EXERCISE:
Every record, apart from its pictures, should be repeated exactly.

Recorded data
....

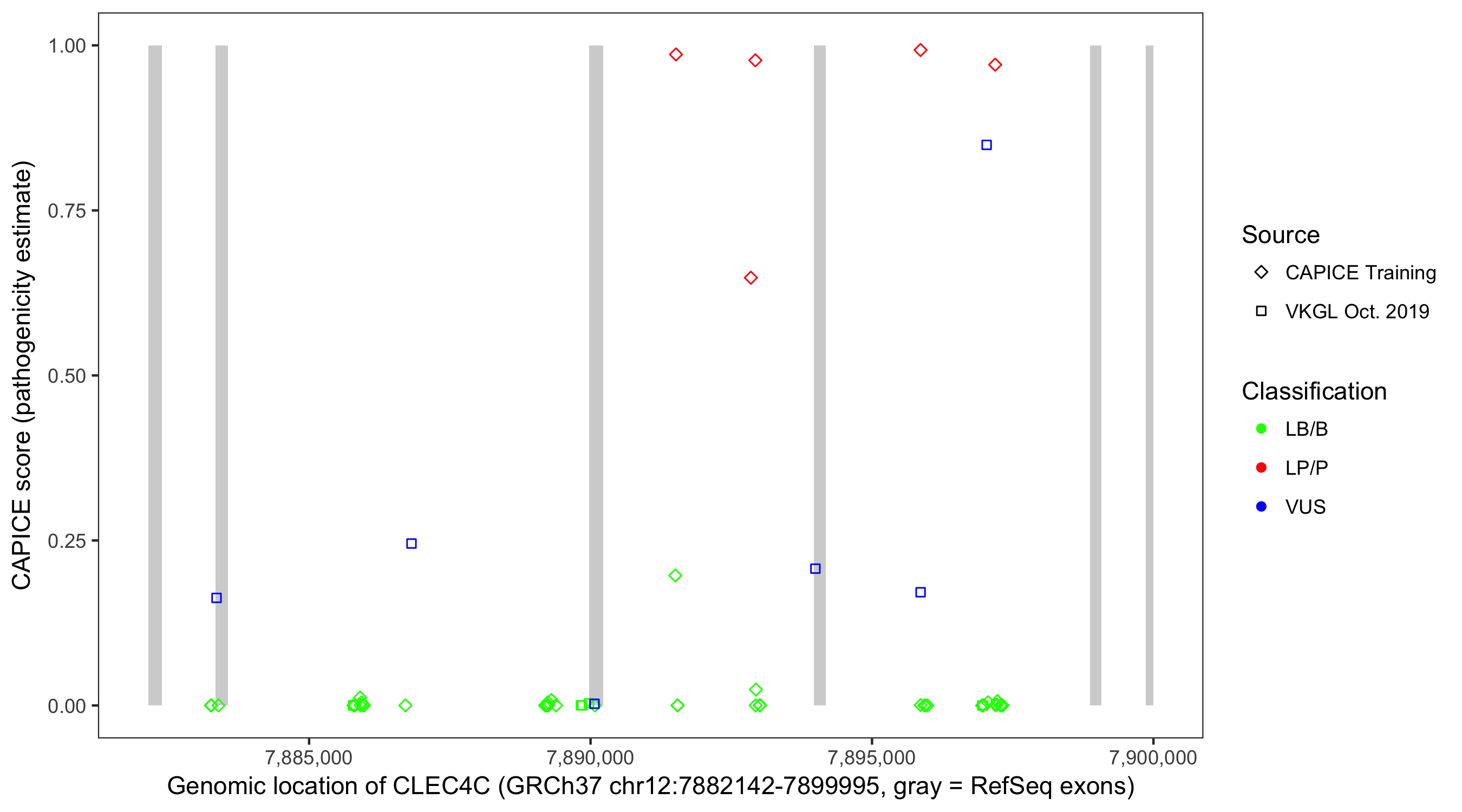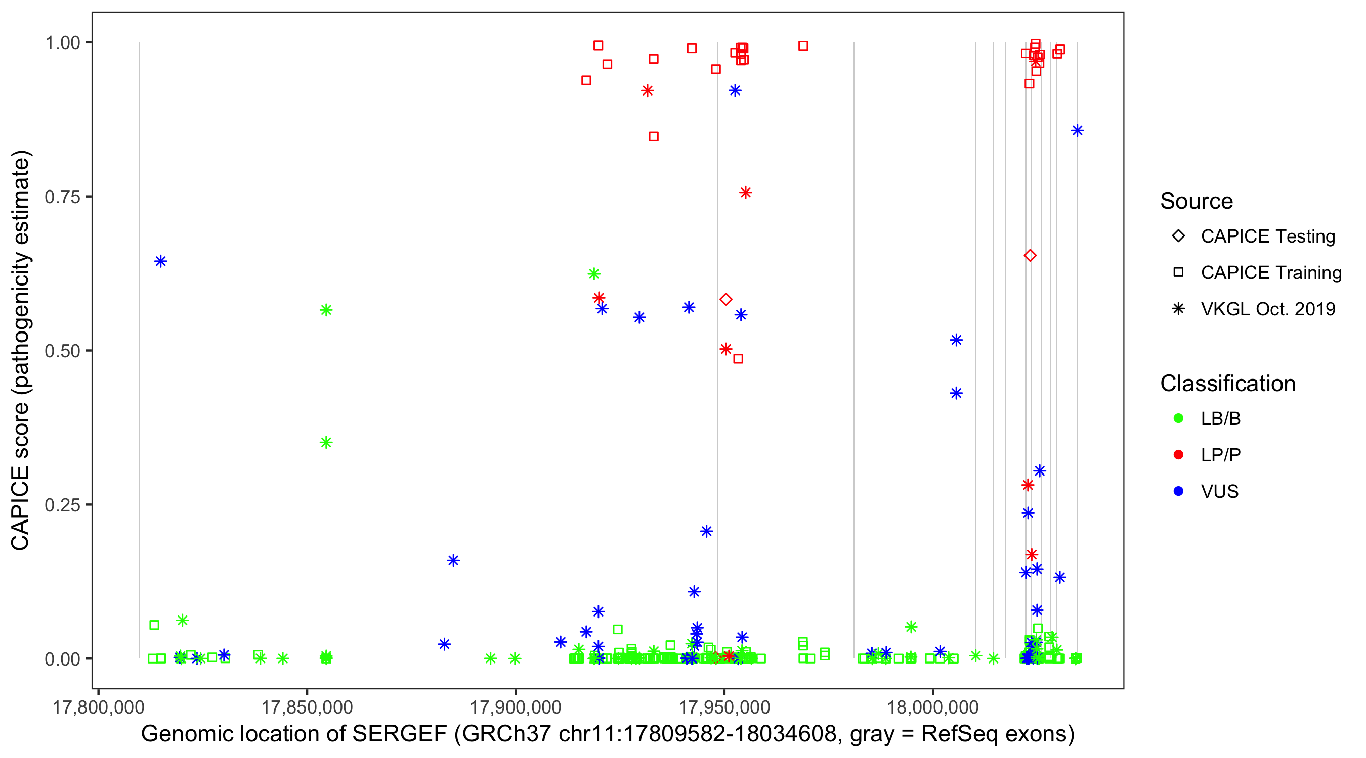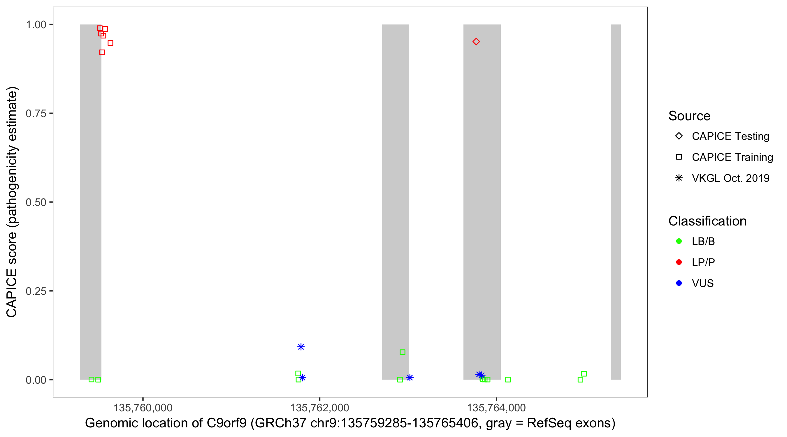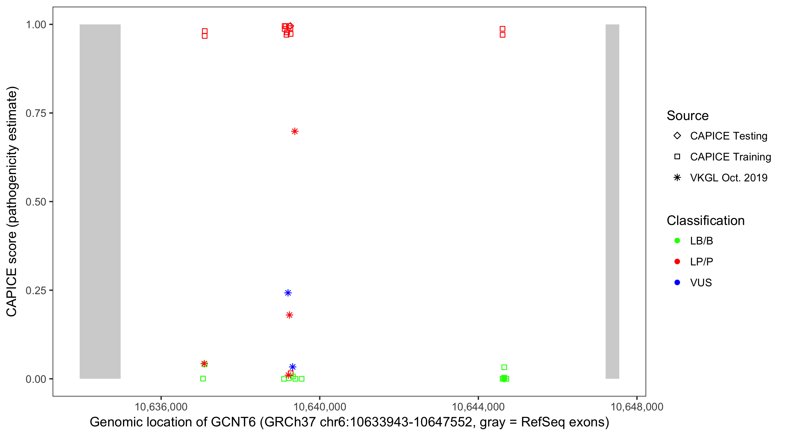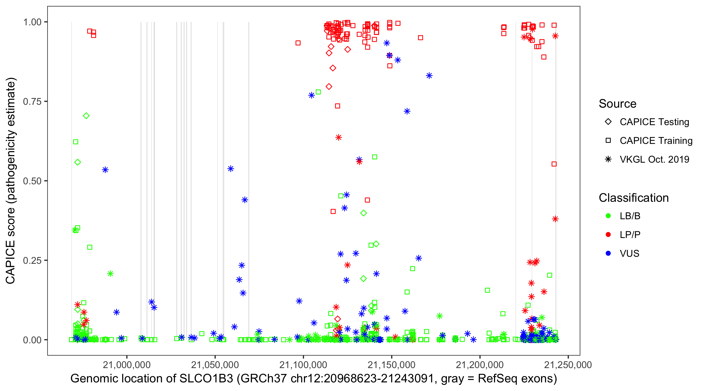 Shown are CAPICE train/test variants plus VKGL Oct 2019.
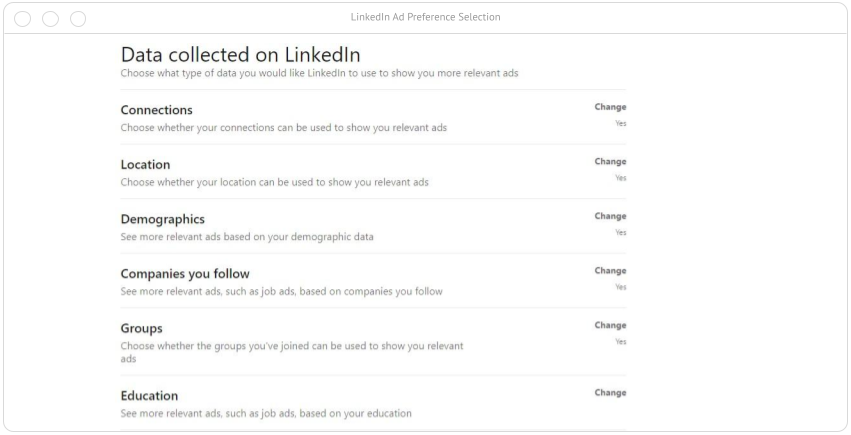 The illustration below shows how LinkedIn, a popular professional networking platform, affords settings for ad preferences.
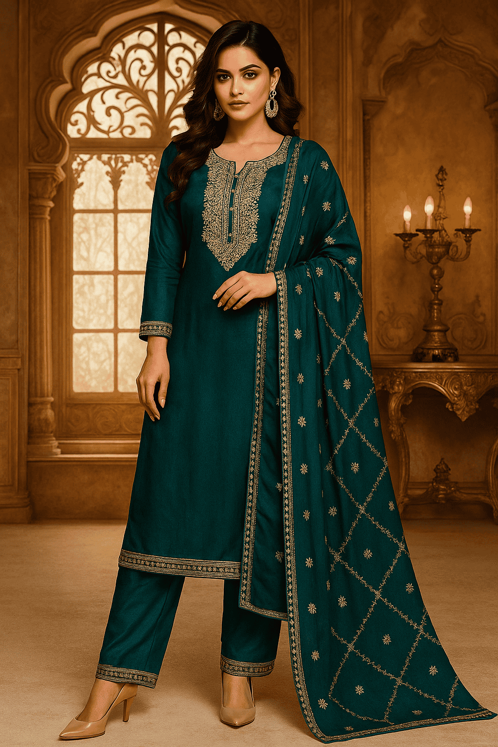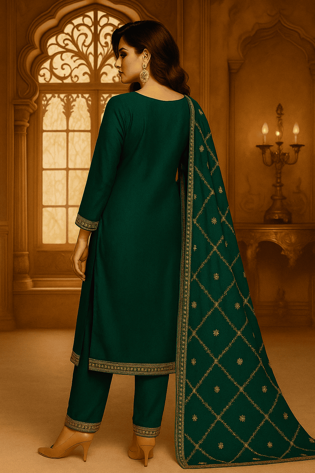 Step out in style with this beautifully Dark Green kurti set, paired with striped palazzo pants and dupatta. The intricate motifs and detailed neckline.
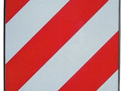 Auch im vereinten Europa hat jedes Land sein Recht: Pflicht in Spanien! Jede überstehende Ladung muss mit einer rot-weiß schraffierten Warntafel (50 x 50 cm) gekennzeichnet werden. Im Unterschied zur Warntafel für Italien hat die Tafel für Spanien zusätzlich einen schwarzen Rand.
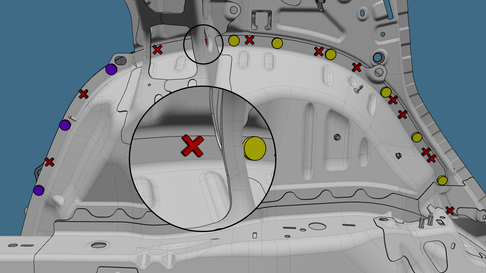 | Aree gialle: | In queste aree il sezionamento è consentito. Nota Il sezionamento in queste aree richiede che il componente venga riportato alla sua geometria originale per una corretta funzionalità. I giunti sovrapposti devono avere una sovrapposizione di almeno 25 mm che deve essere fissata con dell'adesivo strutturale. Nota Quando si utilizza un giunto sovrapposto tra un'area rossa e una gialla, la prima deve sovrapporsi alla seconda di almeno 25 mm. Non sovrapporre un'area gialla a una rossa. Nelle aree indicate in giallo possono essere incluse aree che consentono l'ingresso di acqua, pertanto prestare particolare attenzione per garantire una perfetta sigillatura di tutte le aree riparate. Nota Una volta completata la riparazione, verificare che la sigillatura sia perfetta e che l'acqua non possa penetrare nell'area riparata. È possibile montare gli altri componenti sul passaruota posteriore in queste aree. Prestare particolare attenzione per garantire che le aperture nell'area di riparazione abbiano le stesse dimensioni delle aperture originali e che le aree di montaggio consentano di installare in modo corretto i componenti. Nota Una volta completata la riparazione, assicurarsi che i componenti montati siano a filo con la superficie della carrozzeria esterna e che i componenti si adattino perfettamente a tutte le aree riparate. |
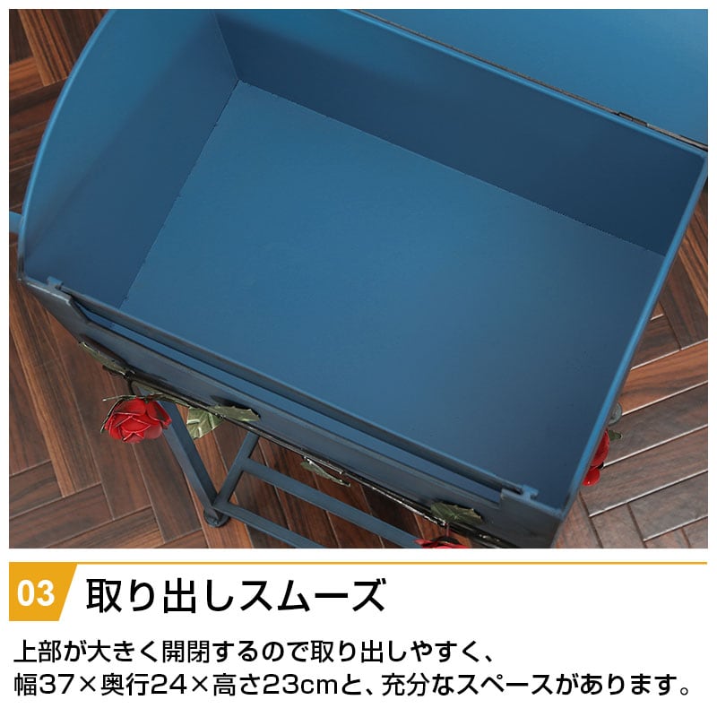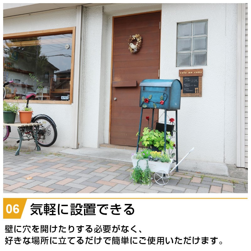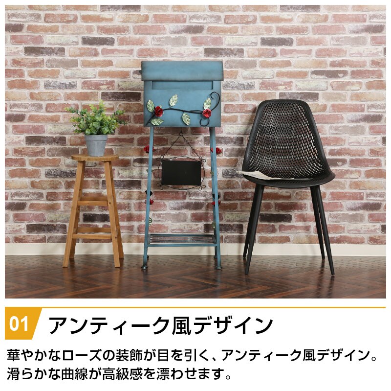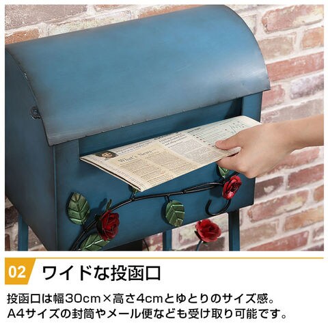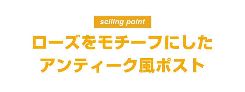 | 特徴 | ・バラの装飾が可愛らしい、アンティーク風デザイン ・A4サイズの封筒やメール便も受取可能な投函口 ・上部が大きく開閉するので取り出しスムーズ ・サイドの通し穴に南京錠も付けられる ・お花やグリーンを飾れる便利な棚付き |
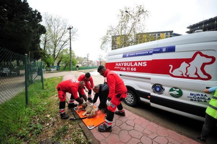 Bursa'da yaralı hayvanların nakli konusundaki sıkıntıları çözmek isteyen Büyükşehir Belediyesi Veteriner Hizmetleri Şube Müdürlüğü'nce 'haybulans' adı verilen nakil ve acil müdahale aracı hizmete alındı. 9 veteriner hekim, 4 veteriner teknikeri ve 12 teknik personel, 3 haybulans ile sahada görev yapıyor. Veteriner Hizmetleri Şube Müdürü Semih Öz, "Şu anda 17 ilçede hizmet veriyoruz. Tüm ihbarları değerlendiriyoruz" dedi.

....

RESULT FOR THIS EXERCISE:
 Shown are CAPICE train/test variants plus VKGL Oct 2019.
 The illustration below shows how LinkedIn, a popular professional networking platform, affords settings for ad preferences.
 Step out in style with this beautifully Dark Green kurti set, paired with striped palazzo pants and dupatta. The intricate motifs and detailed neckline.
 Auch im vereinten Europa hat jedes Land sein Recht: Pflicht in Spanien! Jede überstehende Ladung muss mit einer rot-weiß schraffierten Warntafel (50 x 50 cm) gekennzeichnet werden. Im Unterschied zur Warntafel für Italien hat die Tafel für Spanien zusätzlich einen schwarzen Rand.
 | Aree gialle: | In queste aree il sezionamento è consentito. Nota Il sezionamento in queste aree richiede che il componente venga riportato alla sua geometria originale per una corretta funzionalità. I giunti sovrapposti devono avere una sovrapposizione di almeno 25 mm che deve essere fissata con dell'adesivo strutturale. Nota Quando si utilizza un giunto sovrapposto tra un'area rossa e una gialla, la prima deve sovrapporsi alla seconda di almeno 25 mm. Non sovrapporre un'area gialla a una rossa. Nelle aree indicate in giallo possono essere incluse aree che consentono l'ingresso di acqua, pertanto prestare particolare attenzione per garantire una perfetta sigillatura di tutte le aree riparate. Nota Una volta completata la riparazione, verificare che la sigillatura sia perfetta e che l'acqua non possa penetrare nell'area riparata. È possibile montare gli altri componenti sul passaruota posteriore in queste aree. Prestare particolare attenzione per garantire che le aperture nell'area di riparazione abbiano le stesse dimensioni delle aperture originali e che le aree di montaggio consentano di installare in modo corretto i componenti. Nota Una volta completata la riparazione, assicurarsi che i componenti montati siano a filo con la superficie della carrozzeria esterna e che i componenti si adattino perfettamente a tutte le aree riparate. |
 | 特徴 | ・バラの装飾が可愛らしい、アンティーク風デザイン ・A4サイズの封筒やメール便も受取可能な投函口 ・上部が大きく開閉するので取り出しスムーズ ・サイドの通し穴に南京錠も付けられる ・お花やグリーンを飾れる便利な棚付き |
 Bursa'da yaralı hayvanların nakli konusundaki sıkıntıları çözmek isteyen Büyükşehir Belediyesi Veteriner Hizmetleri Şube Müdürlüğü'nce 'haybulans' adı verilen nakil ve acil müdahale aracı hizmete alındı. 9 veteriner hekim, 4 veteriner teknikeri ve 12 teknik personel, 3 haybulans ile sahada görev yapıyor. Veteriner Hizmetleri Şube Müdürü Semih Öz, "Şu anda 17 ilçede hizmet veriyoruz. Tüm ihbarları değerlendiriyoruz" dedi.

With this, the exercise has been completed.